Exercise aim:
Would you repeat the listing exactly but omit every picture?

Data excerpt START

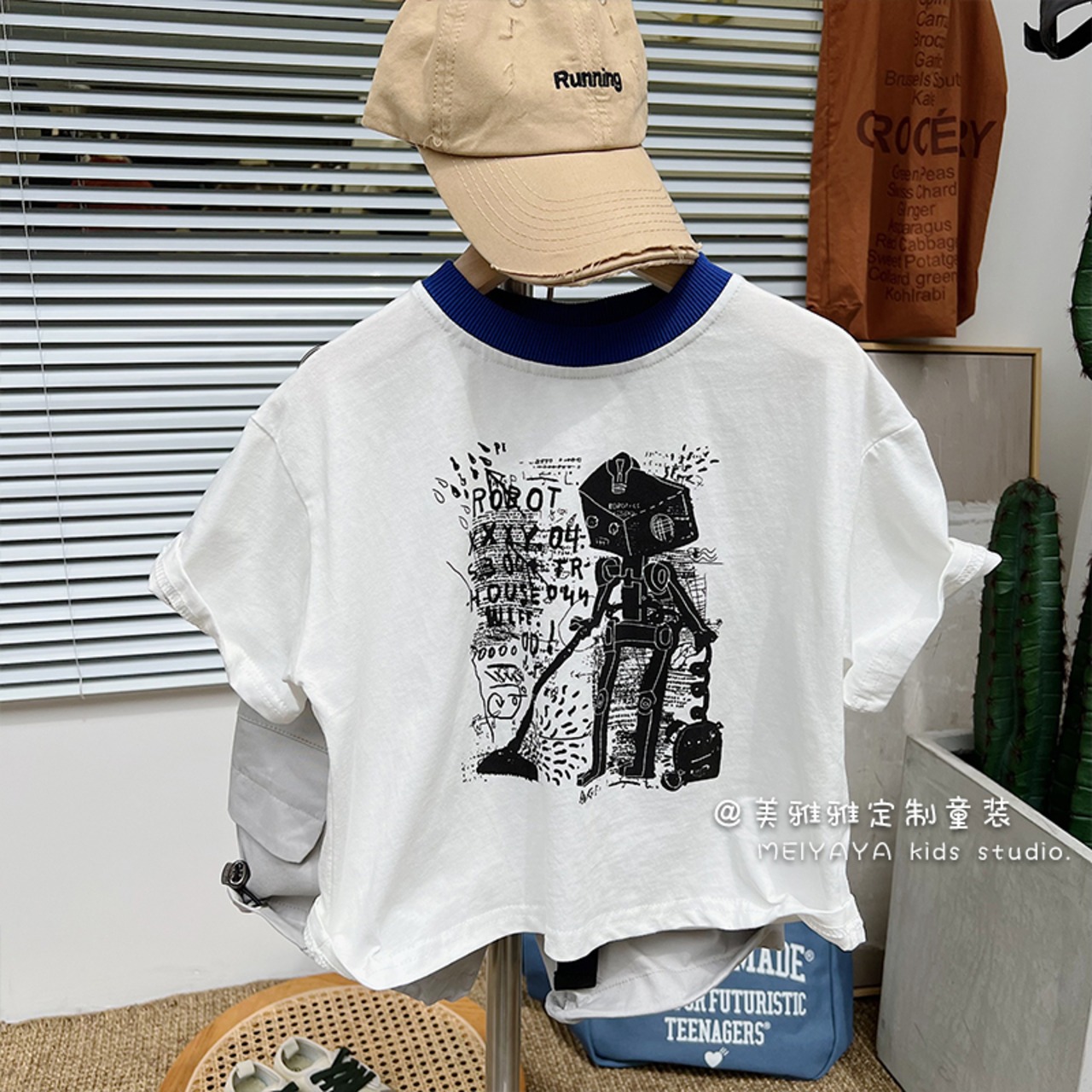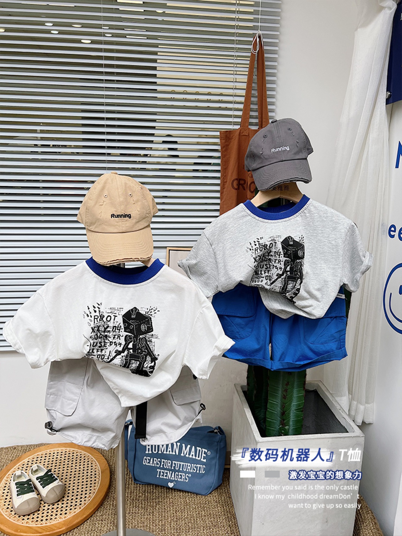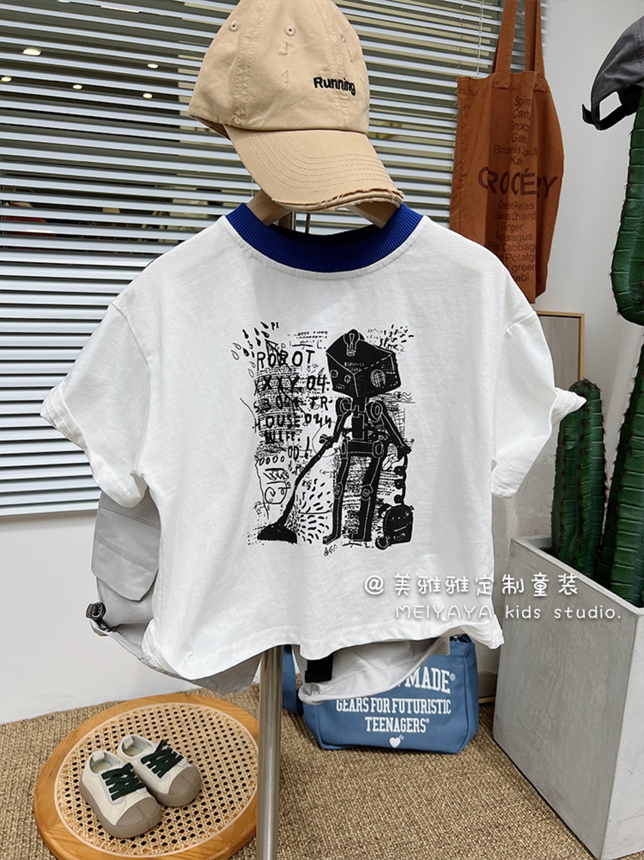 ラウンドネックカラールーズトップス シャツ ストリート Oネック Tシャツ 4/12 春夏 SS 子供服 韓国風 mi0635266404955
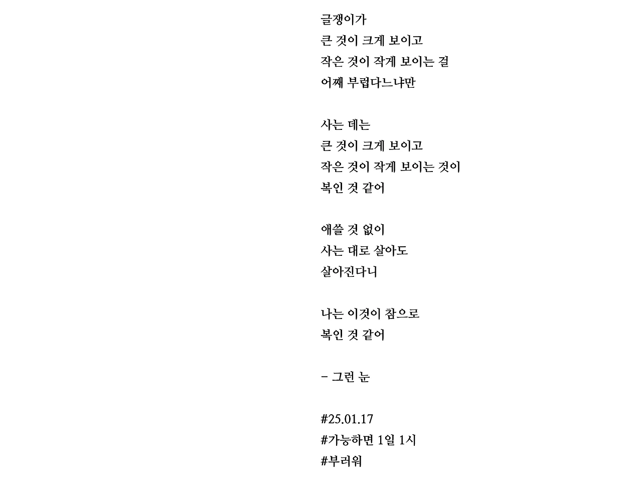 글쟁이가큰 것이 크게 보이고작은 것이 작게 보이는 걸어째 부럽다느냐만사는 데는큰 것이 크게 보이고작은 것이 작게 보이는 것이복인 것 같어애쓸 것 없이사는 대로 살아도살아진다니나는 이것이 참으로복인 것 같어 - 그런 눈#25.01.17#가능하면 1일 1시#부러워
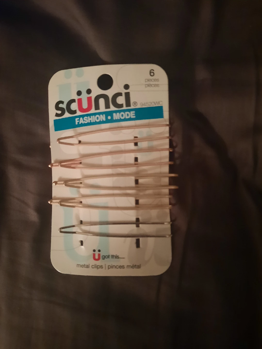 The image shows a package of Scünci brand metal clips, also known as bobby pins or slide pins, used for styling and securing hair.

Data excerpt END

Final answer:
 ラウンドネックカラールーズトップス シャツ ストリート Oネック Tシャツ 4/12 春夏 SS 子供服 韓国風 mi0635266404955
 글쟁이가큰 것이 크게 보이고작은 것이 작게 보이는 걸어째 부럽다느냐만사는 데는큰 것이 크게 보이고작은 것이 작게 보이는 것이복인 것 같어애쓸 것 없이사는 대로 살아도살아진다니나는 이것이 참으로복인 것 같어 - 그런 눈#25.01.17#가능하면 1일 1시#부러워
 The image shows a package of Scünci brand metal clips, also known as bobby pins or slide pins, used for styling and securing hair.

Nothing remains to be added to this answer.